A Blog by the Editor of The Middle East Journal

Putting Middle Eastern Events in Cultural and Historical Context

Thursday, March 24, 2011

A Moment for Outrage: Abuse of Women in Egyptian Custody

The Egyptian Armed Forces Council, now ruling the country, portrays itself as the protector of the Revolution, and is still held in high esteem by many of the young people who made the Revolution. I have known a great many Egyptian senior officers, and have generally admired them more than their counterparts in the political realm. But in addition to its tin ear on the referendum and earlier crackdown on the encampment in Tahrir, we now have a profoundly disturbing accusation. Amnesty International says it has testimony that women arrested in the March 9 crackdown in Tahrir were subjected to strip searches (by women but within the sight of males) and "virginity tests," the latter an invasive examination by a man in a lab coat, accompanied by the threat that those found not to be virgins might be charged with prostitution. One woman who insisted she was a virgin but whose test allegedly "proved" otherwise (suggesting the man in the lab coat was no doctor) was reportedly beaten. The exact nature of these "virginity tests" is not spelled out. I cannot, however, imagine anything that doesn't border on criminal sexual abuse.

This was picked up today by many Western and some Egyptian press outlets, but all you really need to read is the Amnesty report linked above.

Words fail me. Well, not really, but since this is MEI's blog and not my personal pulpit I try to keep it PG-13 at worst, so I can't use the words that come to mind.

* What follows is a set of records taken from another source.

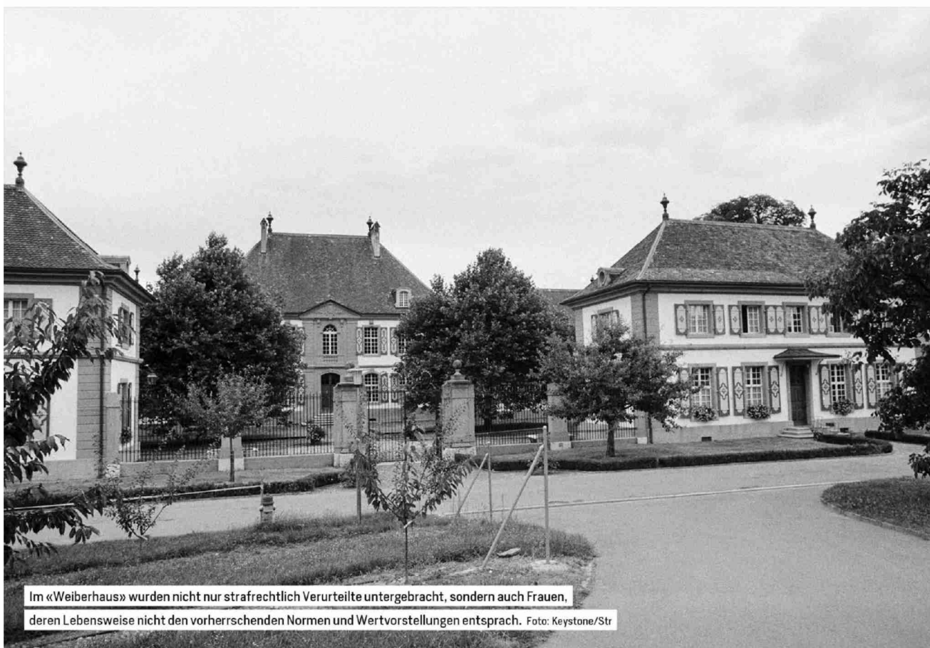
Im «Weiberhaus» wurden nicht nur strafrechtlich Verurteilte untergebracht, sondern auch Frauen, deren Lebensweise nicht den vorherrschenden Normen und Wertvorstellungen entsprach.

Referenz: 82128680 Ausschnitt Seite: 2/9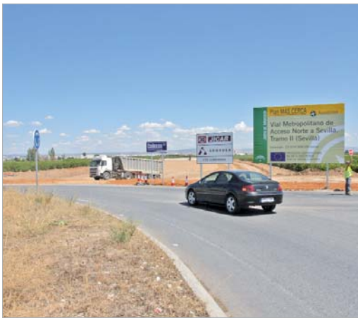
Las obras de la segunda fase de la autovía de Acceso Norte están comenzando.

Con esta inversión, cofinanciada con fondos europeos del programa Feder, se estima que se crearán unos 495 puestos de trabajo, de los cuales 287 serán directos y 208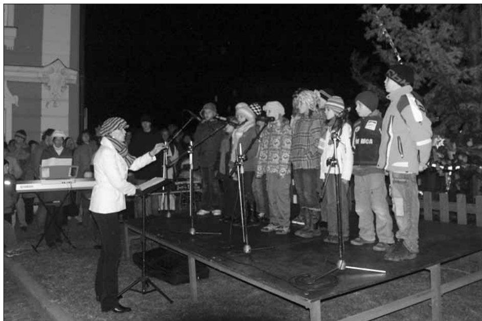
U vánočního stromu se sešly stovky lidí...

Vůně svařeného vína a teplého čaje, který pro návštěvníky připravila Staroplzenecká restaurace BOHEMIA SEKT, dotvářela pravou vánoční atmosféru.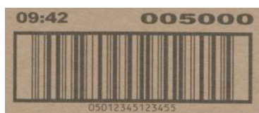
Limpador da cabeça de impressão lig.

If this is true, and Amnesty isn't known for fabricating atrocities, it is a crime and if carried out under the auspices of the Army, a blot on the honor of the Army and of the state it currently represents. The Army denies it, but if anyone in uniform was involved in this, the Armed Forces Council should punish them severely. The honor of a great country and the honor of the uniform demand it.